Secretary of State Condoleezza Rice spoke about the need to recruit more American diplomats and strengthen the State Department on Tuesday in Gaston Hall. Rice emphasized the role institutions like Georgetown can play in the future of diplomacy.
Following a speech made two years ago at Georgetown on transformational diplomacy, a new State Department policy that seeks to work with international partners to build and maintain democratic states around the world, Rice returned to address the new challenges facing the future of diplomacy in an increasingly globalized world.
“The landscape of international politics is becoming more decentralized,” she said. “Globalization reshape[s] geopolitics.”
Rice said that a greater number of diplomats are needed to extend the United States’ reach around the world. She believes that the vision of transformational diplomacy will be realized through the association of people, not governments.
“We must not only continue to recruit America’s best and brightest into our ranks,” Rice said. “We must make them even better and even brighter. And that means training in languages like Chinese and Urdu and Arabic and Farsi. And it means greater opportunity for all of our diplomats to spend more time during their careers working in other agencies or doing exchanges with private companies or studying at places like Georgetown.”
Rice reiterated her belief that America’s top foreign policy goal should be the development of well-governed democratic states around the world.
She said that she saw the embodiment of America in the Georgetown students in front of her, the proof that multi-ethnic democracy can work.
She insisted that America needed more diplomats like them, to show the rest of the world that a democratic government is possible even in diverse countries.
Rice repeatedly brought up the need for increased funding to the State Department in order to achieve peace, prosperity and security abroad.
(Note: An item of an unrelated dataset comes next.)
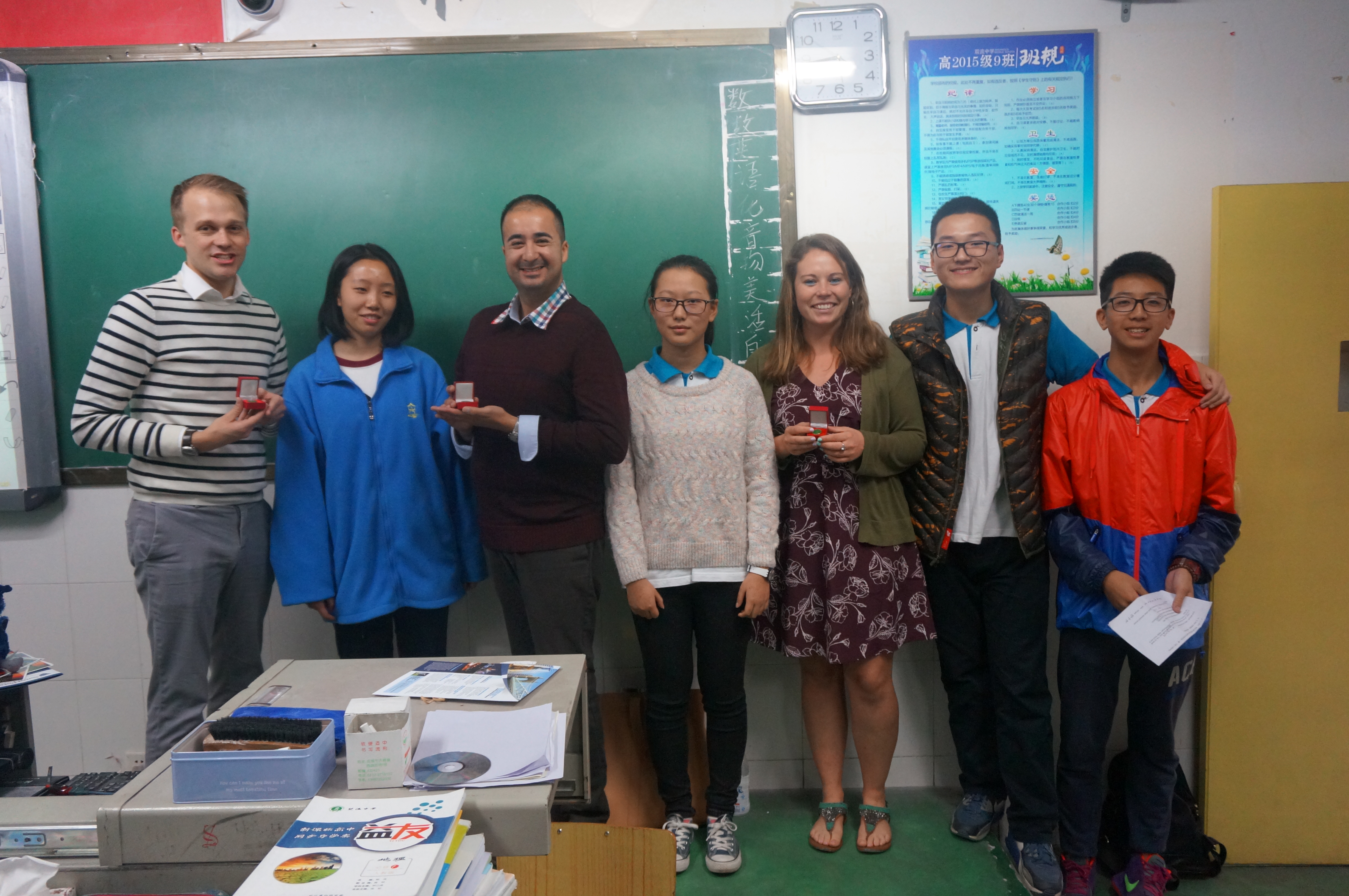 來訪教師們首先來到高一9班,為同學(xué)們帶來了一場(chǎng)以“美國大學(xué)體系及申請(qǐng)流程”為主題的講座。他們也介紹了各自學(xué)校的基本情況、特色優(yōu)勢(shì)和招生政策等相關(guān)內(nèi)容。在隨后的互動(dòng)環(huán)節(jié)中,同學(xué)們就留學(xué)考試、學(xué)費(fèi)、住宿等一系列問題進(jìn)行了詳細(xì)咨詢,并為外籍教師們贈(zèng)送了精美禮物以示感謝,現(xiàn)場(chǎng)氣氛十分活躍。交流過程中,雙中學(xué)子展現(xiàn)出來的良好禮節(jié)和口語能力, 得到了幾位老師的高度認(rèn)可和贊揚(yáng)。

The draft budget for fiscal year 2008-2009, which the Bush Administration sent to Congress for approval early this month, included the creation of 1100 new State Department positions and an addition of $250 million to the annual budget. Since 2005, the annual budget of the State Department for international operations has increased by a total of $8 billion.
“As we continue to use our resources wisely and continue to transform the practice, posture and purpose of our diplomacy, we will need greater capacity,” Rice said. “How can it be, for example, that the Pentagon has nearly twice as many lawyers as America has Foreign Service officers? How can it be that the United Kingdom, with one-fifth of our population, has a diplomatic service nearly as large as America’s?”
During Rice’s speech, two protestors voiced their disagreement with the State Department’s policies and the proposed increase in its funding on the corner of 37th and O St. outside Healy gates.
Members of a grassroots lobbying group ConstituentPAC, the pair carried posters condemning the Bush administration’s funding of Palestinian Authority, an organization allegedly linked to Al-Queda, according to Joe Orlow, the director of ConstituentPAC.
The pair began their protest at 10:00 a.m.; according to the protestors, the Department of Public Safety asked them to leave because their protests could be heard from inside Gaston Hall.
When the protestors refused, the Metropolitan Police Department (MPD) was alerted to the situation, but MPD determined that the sound level was not above the legal limit.
The protestors left of their own accord at 12:00 p.m. so that they would not exceed their two-hour parking limit.